One of the graphics has made its way into a public group with over 600,000 members.

But is there any truth to the claim that gecko skin is more dangerous than snake venom and that the reptile is the most dangerous killer in the household? We checked.

Geckos_False

Geckos found on all continents except Antarctica

Geckos make up six families of the suborder Gekkota, according to Britannica.
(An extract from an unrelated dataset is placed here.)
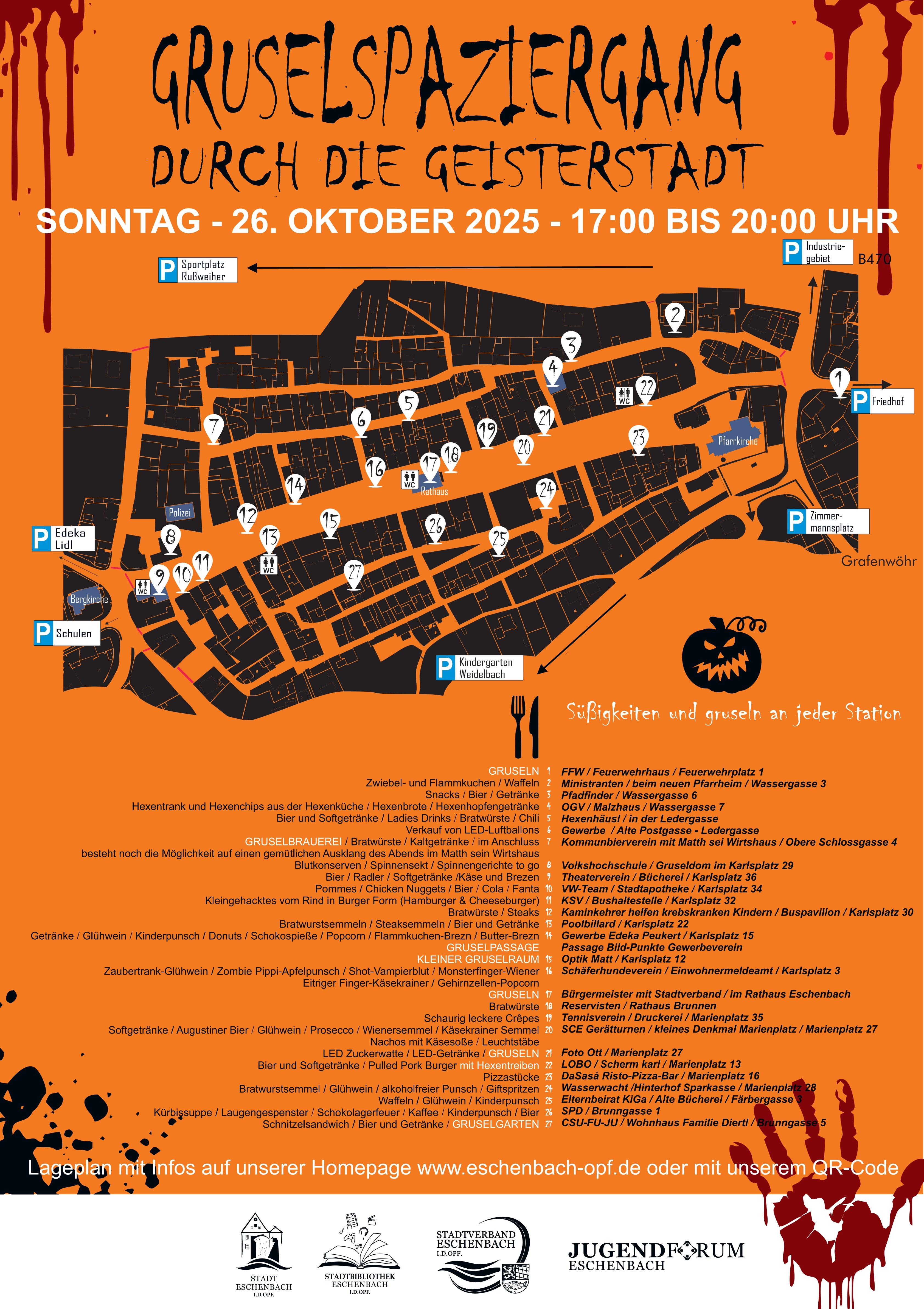 Ein Gruselspaziergang für die ganze Familie in der Altstadt von Eschenbach.Auf euch warten 27 Gruselstationen, bei denen sich Kinder Süßes holen können und/oder Essen und Getränke erhältlich sind. Im Vergleich zum letzten Jahr haben wir das Essensangebot erheblich aufgestockt. Es gibt Schnitzel-, Bratwurst-, Leberkäs-, Wiener- und Käsekrainersemmeln, Pizza, Pommes, Schwarze Würmer in Blutsoße (Spaghetti Sepia mit Tomatensoße), Hotdogs, Gemüseientopf, Hexenchips, Kürbissuppe, Pulled Pork Burger, Käse mit Breze, Popcorn, Zuckerwatte, Crepês, Waffeln, Muffins und weitere spannende Halloween-Specials.Alle Stationen liegen auf einem Rundweg, aber wo ihr beginnt und aufhört, spielt keine Rolle.Die Innenstadt wird für die Dauer der Veranstaltung für den Verkehr gesperrt.

They are known for their short, stout body with adhesive pads, making it easy for them to climb.

Despite adapting to habitats ranging from deserts to jungles, some species of gecko are frequently in our homes, says Britannica.

National Geographic explains that geckos are found on all the continents, except Antarctica.

There are a few species of gecko in South Africa including the spotted gecko, Wahlberg's velvet gecko and the stump-tailed gecko.

Geckos are mostly nocturnal, meaning they are mostly active at night

Geckos help control insect numbers 

We fact-checked a similar claim in 2019 and found that geckos were not harmful to humans.

Australia’s Department of Agriculture and Fisheries has included the gecko in its invasive animal risk assessment and found that these creatures do not pose a threat to human beings.

Geckos are not poisonous, therefore the claim that the skin of geckos is “more dangerous than snake venom” is false. 

There is also no evidence to suggest geckos are “the most dangerous killer in the household”. On the contrary, they can be useful in controlling insect numbers in the home by eating mosquitos and agricultural pests like locusts and cockroaches.